Basically, all you’re doing is having a face-to-face meeting delayed until after you meet. Suffice it to say, this is a little inconvenient.

But it is necessary, right? I mean, if you use conventional key-exchange using RSA or ECC, you’d defeat the purpose of using an information-theoretic secure cipher. But what if there existed another way of exchanging keys, one that was also perfect?

Well, there is: quantum key-distribution.

I’m not just talking perfect as in infinite computing power cannot touch it, I’m talking so perfect that no one can even attempt to intercept the transmission without being detected. This is guaranteed by the no-cloning theorem, so if this turns out to be wrong, we would have to reconsider our most fundamental beliefs about the nature of the universe—not to mention that it would fly in the face of the most precise and accurate experimental tests in all of science.

how does it work tho?

Yeah I’m getting to it.

Consider two people—Alice and Bob—attempting to communicate securely, and a third person—Eve—attempting to intercept their communications. They have access to two insecure channels: a conventional one for bits, and a quantum one for qubits.

xkcd: Protocol

Alice has the option of using two different polarisation basis—rectilinear and diagonal—using which she can send either 0 or 1. She arbitrarily decides that a 1 encoded in the rectilinear basis will be vertically (0°) polarised, a 1 encoded in the diagonal basis will be polarised at 45°, and so on. This is summarised in the table:

Basis 0 1
Rectilinear (+) 90°
Diagonal (x) 135° 45°

She informs Bob of this scheme through the conventional channel, and now they are ready to exchange keys.

Alice begins by generating cryptographically-secure random pairings of bits and basis—huge amounts of them. For example,

1: diagonal,
0: diagonal,
0: rectilinear,
1: diagonal,
...


One at a time, she encodes the bits in their associated basis and sends the resulting polarised photons to Bob through the quantum channel. Now, the way this works is that any party that wishes to read these incoming qubits cannot tell which basis they were encoded in—so they just guess. But there’s another catch: if they measure the qubit in the wrong basis, the reading they get is purely random, and the qubit is destroyed in either case.

If you’re paying attention, you will have realised the importance of that property. Eve cannot read any qubits and remain undetected, as any attempted measurement on her part will result in the destruction of the original data.

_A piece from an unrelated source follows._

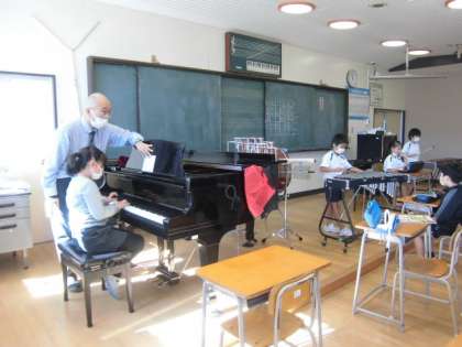 2年生が音楽の時間に合奏の発表会をしました。どの子も真剣に演奏しています。今までできなかったことができるようになった子、「ピアノを習ってないけど挑戦した」と、ピアノ伴奏に挑んだ子。苦手な友達に寄り添い楽器演奏を教えた子…。それぞれに頑張って満足げでした。できないことを友達の励ましや自分の努力によって克服し、また一歩3年生に近づいています。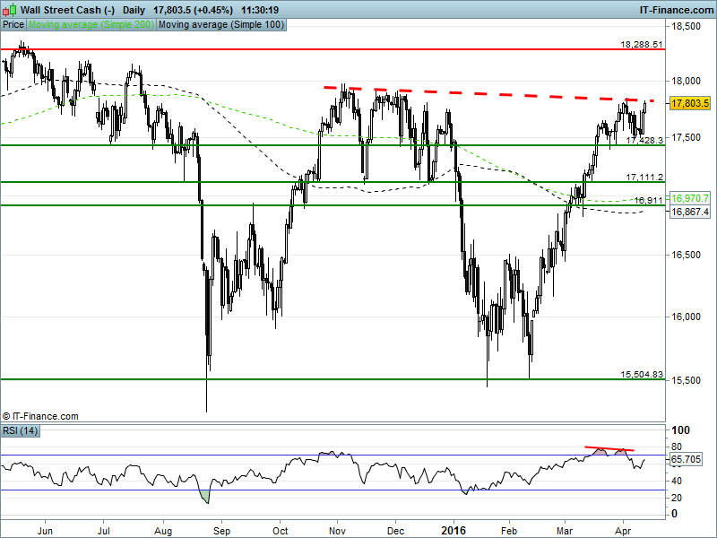 The Dow Jones has met resistance again at oct/nov levels, having come back from there overnight. Higher lows since Tuesday put a breakout on the cards, with the daily RSI pointing back up in bullish territory.

After Alice has sent all of her data, Bob publicly informs Alice of his choices of basis for each bit. Alice then replies with the actual basis and they both discard any bits where Bob guessed incorrectly. Statistically, Bob will guess correctly around 50% of the time, so they are left with around half of the total bits sent.

Now all they need to do is check if Eve attempted to eavesdrop on the key-exchange. They take a random subset of bits from the exchanged data and compare them over the conventional channel. If this subset matches, they know—with a high degree of confidence—that their exchange is secure. Otherwise, they discard the data and start again.

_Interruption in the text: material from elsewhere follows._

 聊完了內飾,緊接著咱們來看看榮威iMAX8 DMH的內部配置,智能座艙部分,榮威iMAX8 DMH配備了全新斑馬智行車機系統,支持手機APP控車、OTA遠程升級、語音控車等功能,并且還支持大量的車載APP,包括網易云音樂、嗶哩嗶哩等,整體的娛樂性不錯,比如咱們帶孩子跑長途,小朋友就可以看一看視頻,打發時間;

This setup is provably secure against passive eavesdropping, but what about an active man-in-the-middle attack? Say Eve is able to modify the data sent on each communication channel. On the quantum channel this isn’t a problem—Eve cannot perform an MITM attack without being detected—but on the conventional channel we have to think about some kind of authentication.

Luckily, there exists an authentication scheme that provides unconditionally-secure authentication—similar to the OTP. It was invented in the late 70’s by J. Lawrence Carter and Mark N. Wegman, and so is commonly referred to as Wegman-Carter authentication. Without getting into the specific details—this post is meant to be about quantum key-exchange—it allows us to turn a pre-shared secret into a message authentication code that we can include with our messages.

So, to authenticate the conventional channel, on the first exchange Alice and Bob simply agree on a small, cryptographically-secure key in advance. They use this key for Wegman-Carter authentication and save a subset of the exchanged bits for use as the key in the next exchange. This way, both active and passive attacks by Eve are impossible without detection, and the OTP is back in the game.